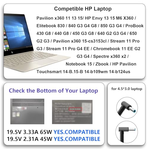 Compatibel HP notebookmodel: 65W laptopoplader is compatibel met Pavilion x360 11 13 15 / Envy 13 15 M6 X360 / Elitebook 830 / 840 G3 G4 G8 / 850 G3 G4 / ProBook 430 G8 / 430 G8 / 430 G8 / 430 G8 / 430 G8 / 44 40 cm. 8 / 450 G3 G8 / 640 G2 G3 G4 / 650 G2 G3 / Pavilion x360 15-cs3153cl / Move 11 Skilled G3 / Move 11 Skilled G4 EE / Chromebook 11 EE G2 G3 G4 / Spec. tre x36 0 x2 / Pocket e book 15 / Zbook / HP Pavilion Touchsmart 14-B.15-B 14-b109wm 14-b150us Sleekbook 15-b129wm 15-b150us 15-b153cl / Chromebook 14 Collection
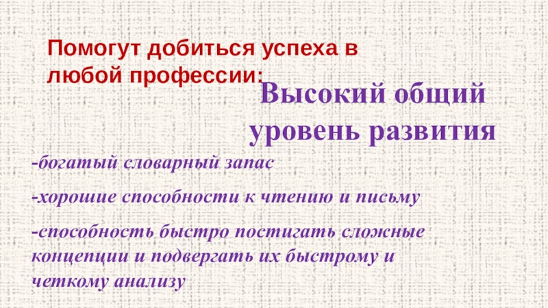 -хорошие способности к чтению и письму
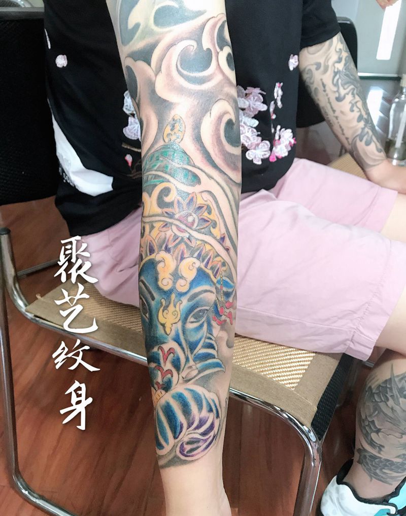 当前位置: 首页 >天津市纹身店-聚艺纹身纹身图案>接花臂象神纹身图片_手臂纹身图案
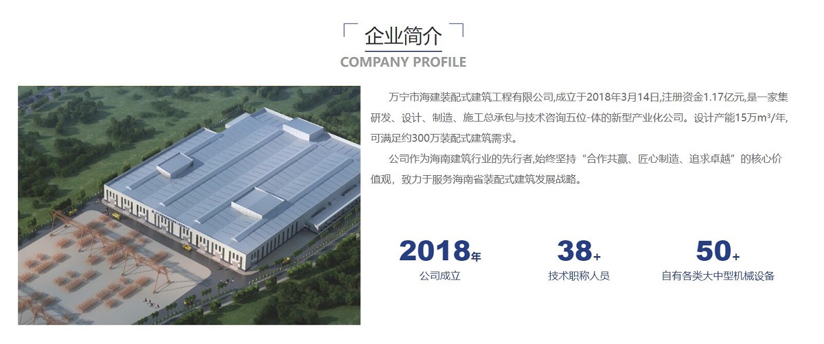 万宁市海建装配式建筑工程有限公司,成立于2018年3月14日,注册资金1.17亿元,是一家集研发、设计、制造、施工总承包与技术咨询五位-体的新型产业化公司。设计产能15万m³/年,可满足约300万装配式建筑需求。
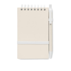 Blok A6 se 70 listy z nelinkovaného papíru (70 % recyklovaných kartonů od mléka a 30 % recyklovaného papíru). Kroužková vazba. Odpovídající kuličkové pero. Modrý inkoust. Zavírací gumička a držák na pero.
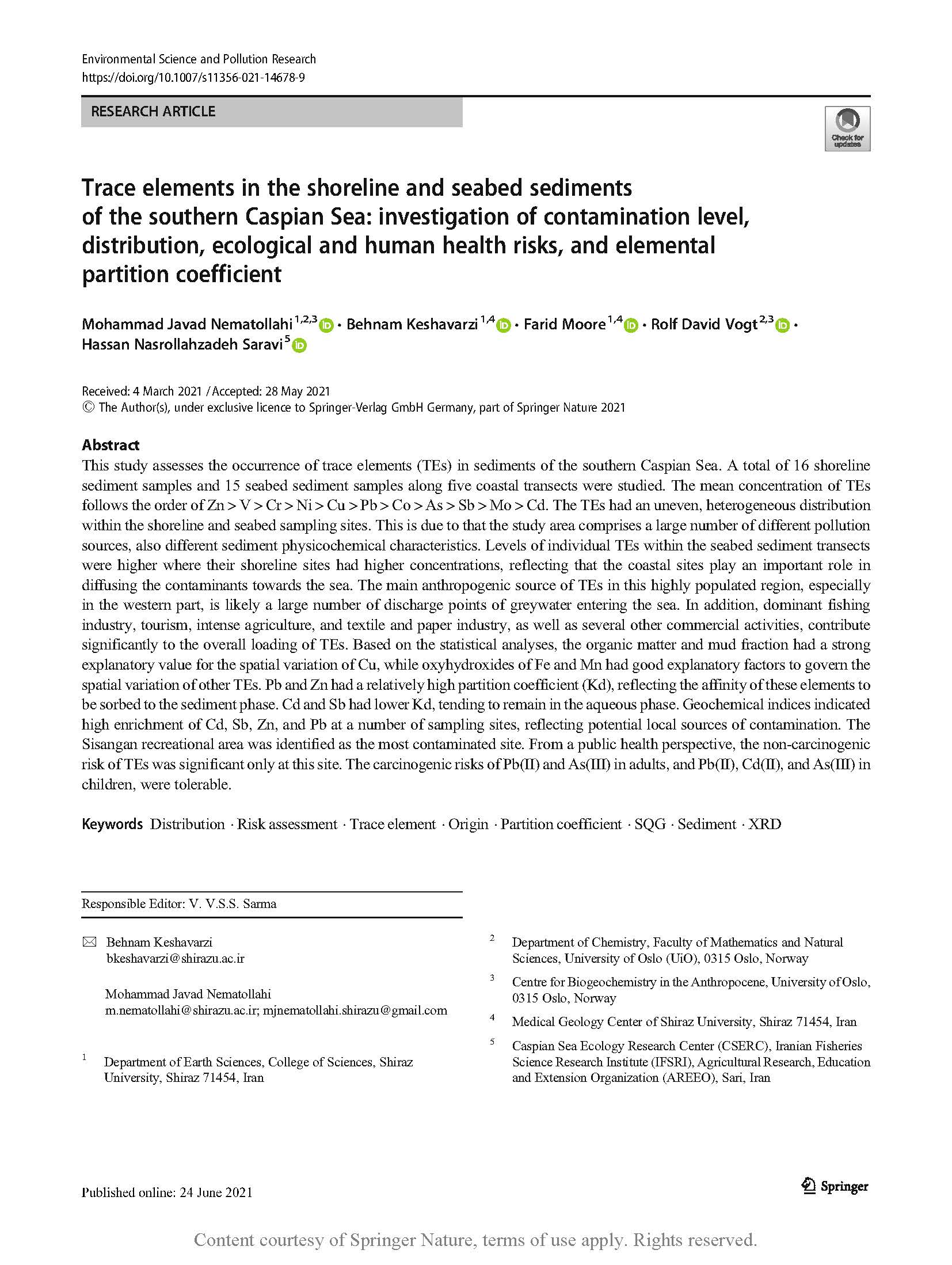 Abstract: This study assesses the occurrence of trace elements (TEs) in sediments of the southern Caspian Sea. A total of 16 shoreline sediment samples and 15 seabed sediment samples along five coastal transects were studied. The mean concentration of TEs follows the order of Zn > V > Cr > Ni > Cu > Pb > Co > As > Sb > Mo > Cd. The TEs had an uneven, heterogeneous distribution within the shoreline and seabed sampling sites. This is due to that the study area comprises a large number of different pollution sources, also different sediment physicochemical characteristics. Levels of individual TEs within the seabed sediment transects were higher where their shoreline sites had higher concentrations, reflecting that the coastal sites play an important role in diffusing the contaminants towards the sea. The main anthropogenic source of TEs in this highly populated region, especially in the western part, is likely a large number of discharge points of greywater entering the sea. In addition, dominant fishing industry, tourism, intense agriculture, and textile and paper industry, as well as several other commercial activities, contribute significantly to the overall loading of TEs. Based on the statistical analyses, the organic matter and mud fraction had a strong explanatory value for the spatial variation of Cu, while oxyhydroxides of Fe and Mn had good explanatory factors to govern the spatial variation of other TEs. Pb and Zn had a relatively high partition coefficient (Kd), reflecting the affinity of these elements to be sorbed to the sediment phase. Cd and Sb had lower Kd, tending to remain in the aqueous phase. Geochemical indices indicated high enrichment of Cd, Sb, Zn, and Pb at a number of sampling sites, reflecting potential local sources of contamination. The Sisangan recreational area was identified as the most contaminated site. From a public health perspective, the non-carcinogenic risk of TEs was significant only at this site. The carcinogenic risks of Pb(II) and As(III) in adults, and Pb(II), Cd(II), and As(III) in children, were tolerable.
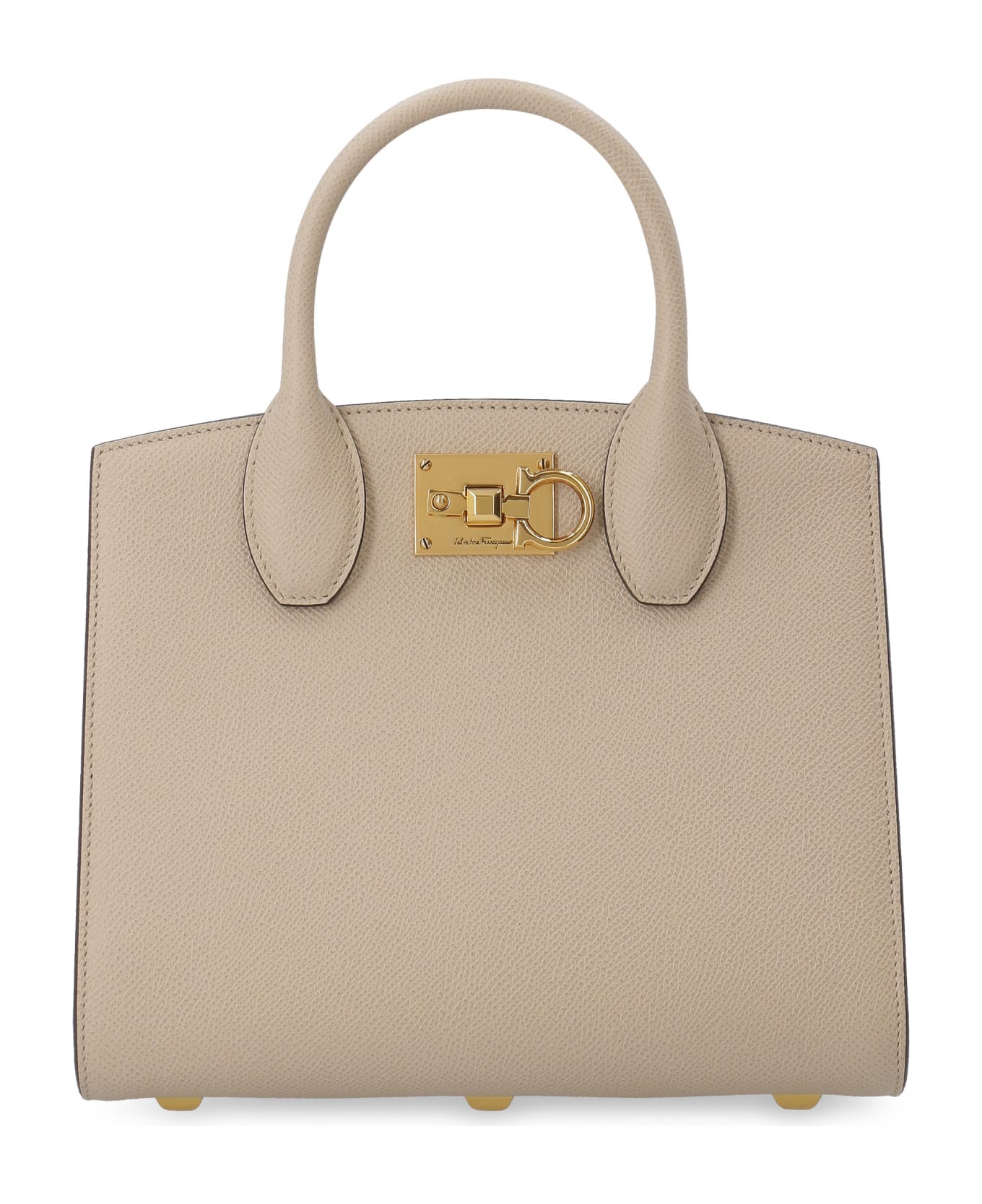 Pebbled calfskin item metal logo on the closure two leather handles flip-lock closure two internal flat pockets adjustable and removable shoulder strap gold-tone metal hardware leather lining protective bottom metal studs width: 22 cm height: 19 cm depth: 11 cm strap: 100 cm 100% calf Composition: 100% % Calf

==

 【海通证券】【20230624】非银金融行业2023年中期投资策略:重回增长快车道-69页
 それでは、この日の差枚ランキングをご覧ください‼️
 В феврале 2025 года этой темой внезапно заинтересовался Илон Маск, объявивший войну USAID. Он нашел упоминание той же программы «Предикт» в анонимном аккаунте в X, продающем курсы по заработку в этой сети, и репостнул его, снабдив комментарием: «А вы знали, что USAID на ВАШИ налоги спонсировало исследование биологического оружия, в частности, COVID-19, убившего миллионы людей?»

### TASK BRIEF
Beginning with the line above that contains "-хорошие способности к чтению и письму" and finishing with the line that contains "Blok A6 se 70", print those lines exactly and only. Skip all pictures.

### RESPONSE TO THIS TASK
 -хорошие способности к чтению и письму
 当前位置: 首页 >天津市纹身店-聚艺纹身纹身图案>接花臂象神纹身图片_手臂纹身图案
 万宁市海建装配式建筑工程有限公司,成立于2018年3月14日,注册资金1.17亿元,是一家集研发、设计、制造、施工总承包与技术咨询五位-体的新型产业化公司。设计产能15万m³/年,可满足约300万装配式建筑需求。
 Blok A6 se 70 listy z nelinkovaného papíru (70 % recyklovaných kartonů od mléka a 30 % recyklovaného papíru). Kroužková vazba. Odpovídající kuličkové pero. Modrý inkoust. Zavírací gumička a držák na pero.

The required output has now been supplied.